+++ THE INPUT

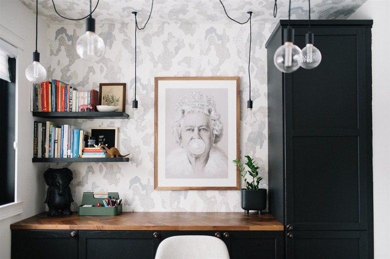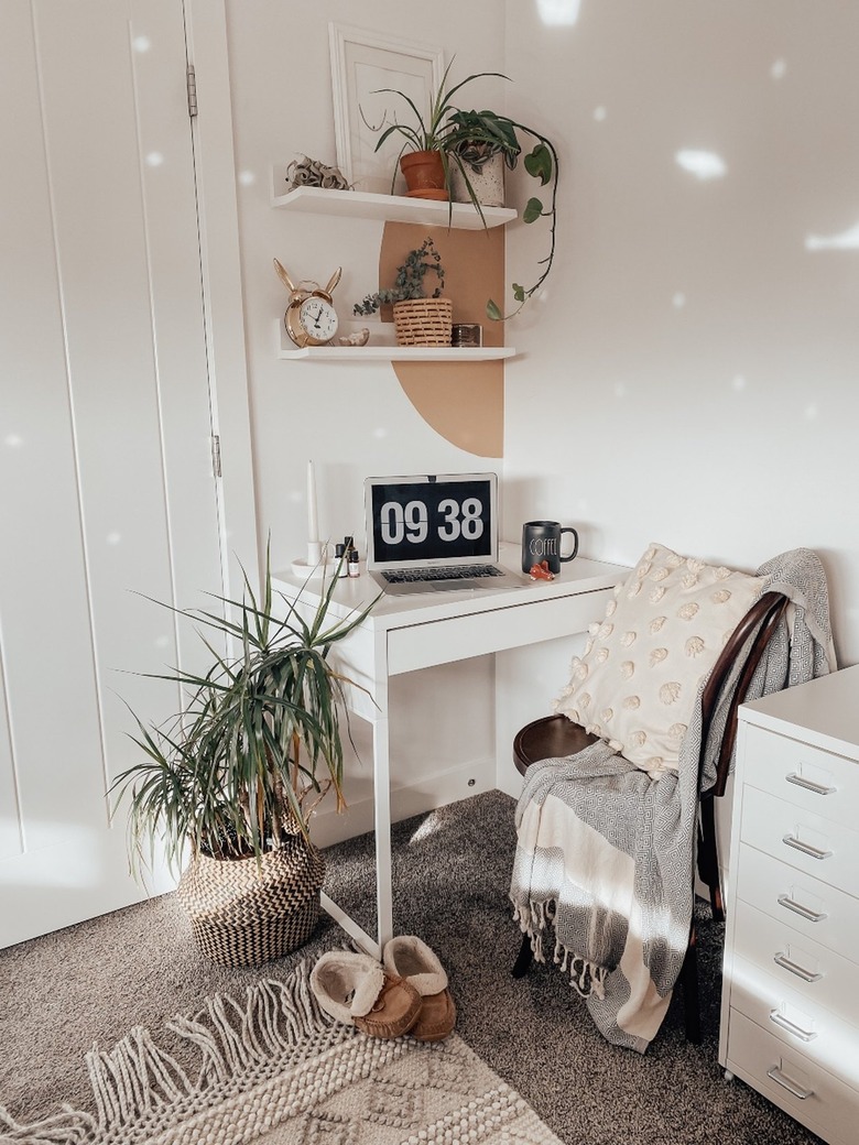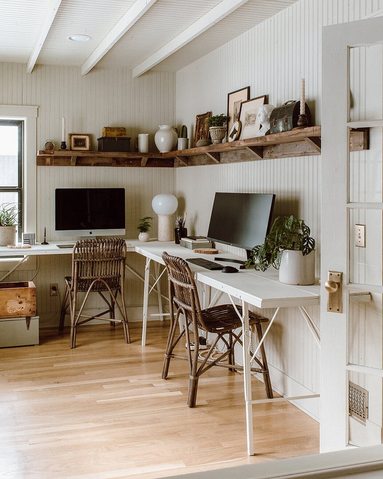 For a boho touch that brings a little bit of quirk to your home office, hang unfinished wood shelves at varying heights on the wall, creating a cool look that's purposely unbalanced. The shelving in this workspace designed by Lucy of Craftberry Bush lends a free-spirited vibe made even better with houseplants and unique decor.
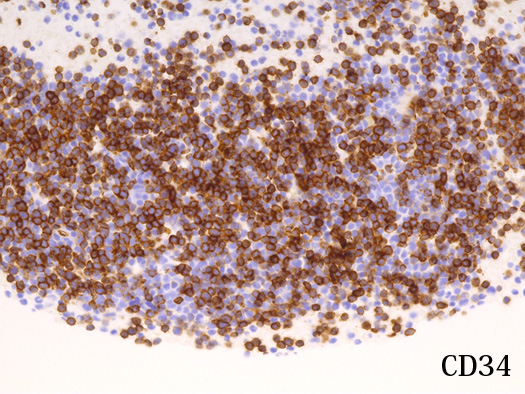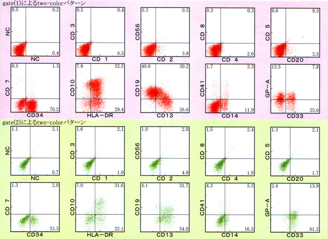 AULはcCD3、MPO、CD19、cCD22、およびCD79a発現を欠き, 通常1つの表面系統マーカー( CD13、CD33、またはCD7など)のみを発現する.CD38またはTdT発現を伴って, CD34およびHLA-DRが陽性になる. *2
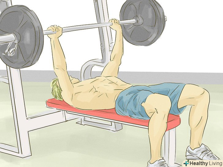 Робіть жим лежачи, щоб збільшити м'язи грудей. ляжте на лаву для жиму, ногами зіпріться в підлогу. Початкове положення-тримайте штангу або гантелі над грудною кліткою. Підніміть вагу над головою, витягуючи руки і випрямляючи лікті. Опустіть обтяження знову до грудей.- Зробіть від шести до восьми повторень в 3-4 підходи. Відпочивайте близько 45 секунд між підходами.
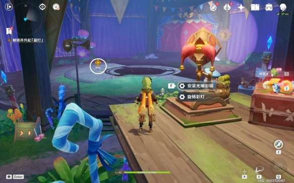 14,来到三层后,我们先往左手边走,放置彩镜并旋转彩灯
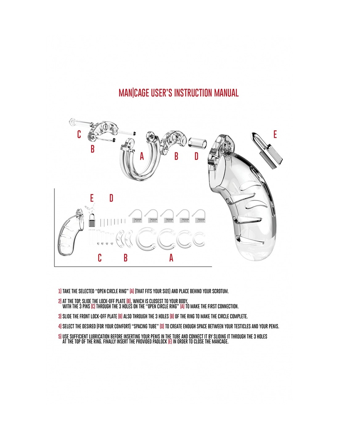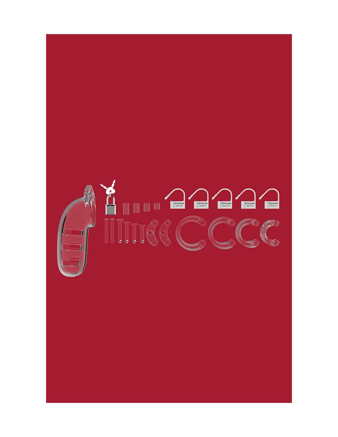 Accessoire de contrainte par excellence, la cage peut se verrouiller à l'aide d'un cadenas en métal (1 fourni) ou d'un cadenas en plastique jetable (5 fournis). L'utilisation de cadenas en plastique vous garantit de ne pas déclencher l'alarme des détecteurs de métaux lorsque vous passez sous un portique de sécurité dans un aéroport par exemple.
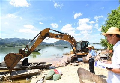 14日,通山县大畈镇长滩村富水湖畔,县镇村正在联合开展渔船拆解、登记。富水湖是长江中游南岸一级支流,为落实长江十年禁渔计划,通山富水湖沿线6个乡镇984艘持证捕捞渔船将分批进行拆解,目前全县已拆解渔船近700艘。
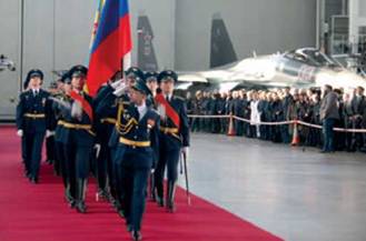 В церемонии приняли участие министр обороны России Сергей Шойгу, зам. министра обороны Юрий Борисов, главнокомандующий ВВС России генерал-лейтенант Виктор Бондарев, губернатор Хабаровского края Вячеслав Шпорт, президент ОАК Михаил Погосян, генеральный директор компании «Сухой» Игорь Озар, генеральный директор КнААЗ Александр Пекарш и др.
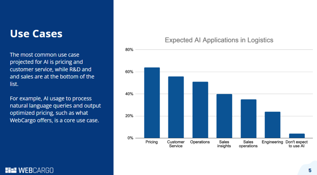 Based on a recent survey conducted by WebCargo by Freightos, logistics professionals overwhelmingly (96%) expect to leverage AI – with 14% already using (7%) or piloting solutions (7%) for pricing or customer service automations.
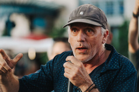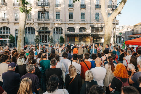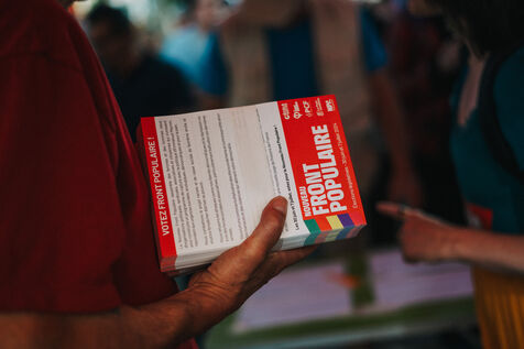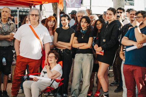 Meeting in Carcassonne of Philippe Poutou, spokesman for the NPA, candidate in the 2024 legislative elections in the first constituency of Aude for the Nouveau Front Populaire.
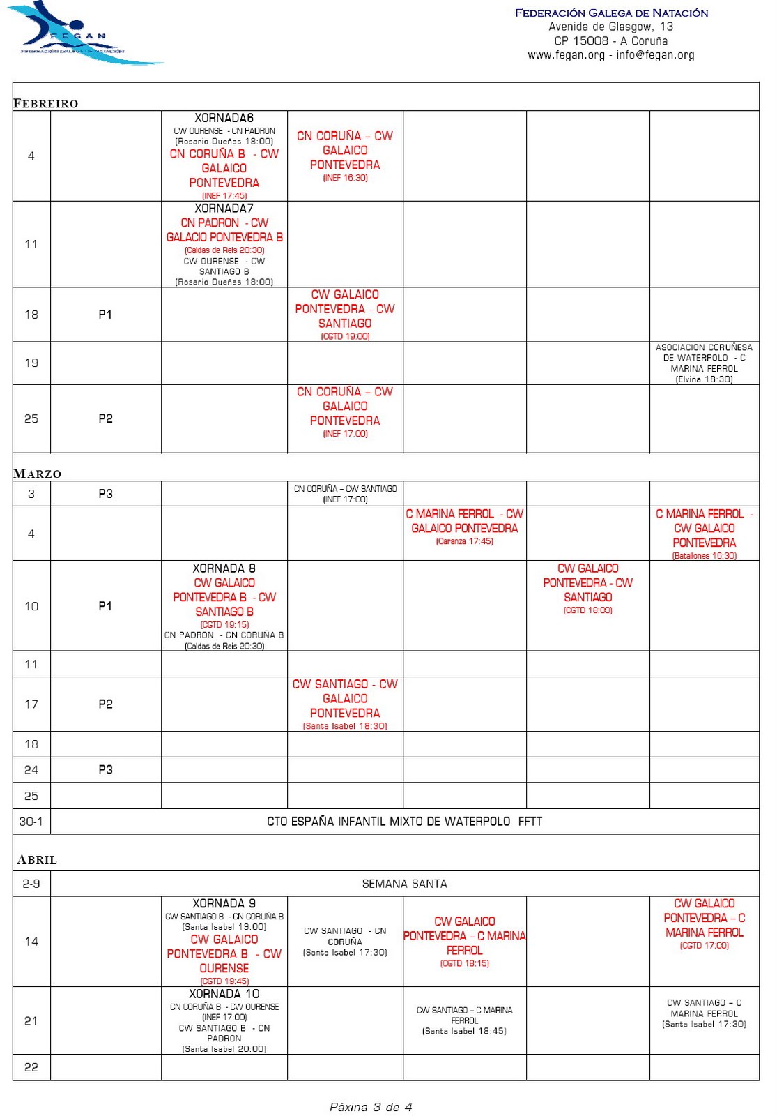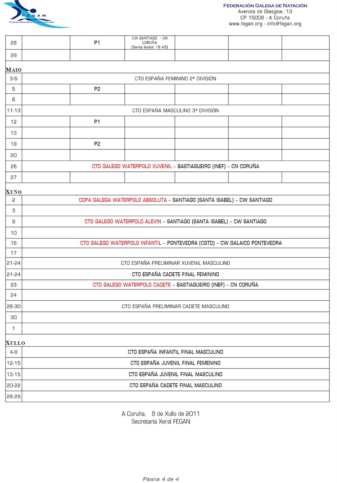 Ya nos enviaron el calendario de partidos de esta temporada 2011-12 de la FEGAN. En rojo podéis ver los compromisos oficiales del Club Waterpolo Galaico Pontevedra.
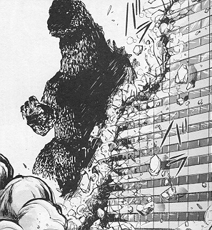 With Miki out of the way [Didn't you know that psychic girls are the mortal enemies of giant monsters? Where have you been?] Godzilla is free to stomp on Osaka.

++++++

» **EXERCISE REQUIREMENTS**
I'd like every record printed exactly, with the pictures left out.

» **WRITTEN ANSWER**
 For a boho touch that brings a little bit of quirk to your home office, hang unfinished wood shelves at varying heights on the wall, creating a cool look that's purposely unbalanced. The shelving in this workspace designed by Lucy of Craftberry Bush lends a free-spirited vibe made even better with houseplants and unique decor.
 AULはcCD3、MPO、CD19、cCD22、およびCD79a発現を欠き, 通常1つの表面系統マーカー( CD13、CD33、またはCD7など)のみを発現する.CD38またはTdT発現を伴って, CD34およびHLA-DRが陽性になる. *2
 Робіть жим лежачи, щоб збільшити м'язи грудей. ляжте на лаву для жиму, ногами зіпріться в підлогу. Початкове положення-тримайте штангу або гантелі над грудною кліткою. Підніміть вагу над головою, витягуючи руки і випрямляючи лікті. Опустіть обтяження знову до грудей.- Зробіть від шести до восьми повторень в 3-4 підходи. Відпочивайте близько 45 секунд між підходами.
 14,来到三层后,我们先往左手边走,放置彩镜并旋转彩灯
 Accessoire de contrainte par excellence, la cage peut se verrouiller à l'aide d'un cadenas en métal (1 fourni) ou d'un cadenas en plastique jetable (5 fournis). L'utilisation de cadenas en plastique vous garantit de ne pas déclencher l'alarme des détecteurs de métaux lorsque vous passez sous un portique de sécurité dans un aéroport par exemple.
 14日,通山县大畈镇长滩村富水湖畔,县镇村正在联合开展渔船拆解、登记。富水湖是长江中游南岸一级支流,为落实长江十年禁渔计划,通山富水湖沿线6个乡镇984艘持证捕捞渔船将分批进行拆解,目前全县已拆解渔船近700艘。
 В церемонии приняли участие министр обороны России Сергей Шойгу, зам. министра обороны Юрий Борисов, главнокомандующий ВВС России генерал-лейтенант Виктор Бондарев, губернатор Хабаровского края Вячеслав Шпорт, президент ОАК Михаил Погосян, генеральный директор компании «Сухой» Игорь Озар, генеральный директор КнААЗ Александр Пекарш и др.
 Based on a recent survey conducted by WebCargo by Freightos, logistics professionals overwhelmingly (96%) expect to leverage AI – with 14% already using (7%) or piloting solutions (7%) for pricing or customer service automations.
 Meeting in Carcassonne of Philippe Poutou, spokesman for the NPA, candidate in the 2024 legislative elections in the first constituency of Aude for the Nouveau Front Populaire.
 Ya nos enviaron el calendario de partidos de esta temporada 2011-12 de la FEGAN. En rojo podéis ver los compromisos oficiales del Club Waterpolo Galaico Pontevedra.
 With Miki out of the way [Didn't you know that psychic girls are the mortal enemies of giant monsters? Where have you been?] Godzilla is free to stomp on Osaka.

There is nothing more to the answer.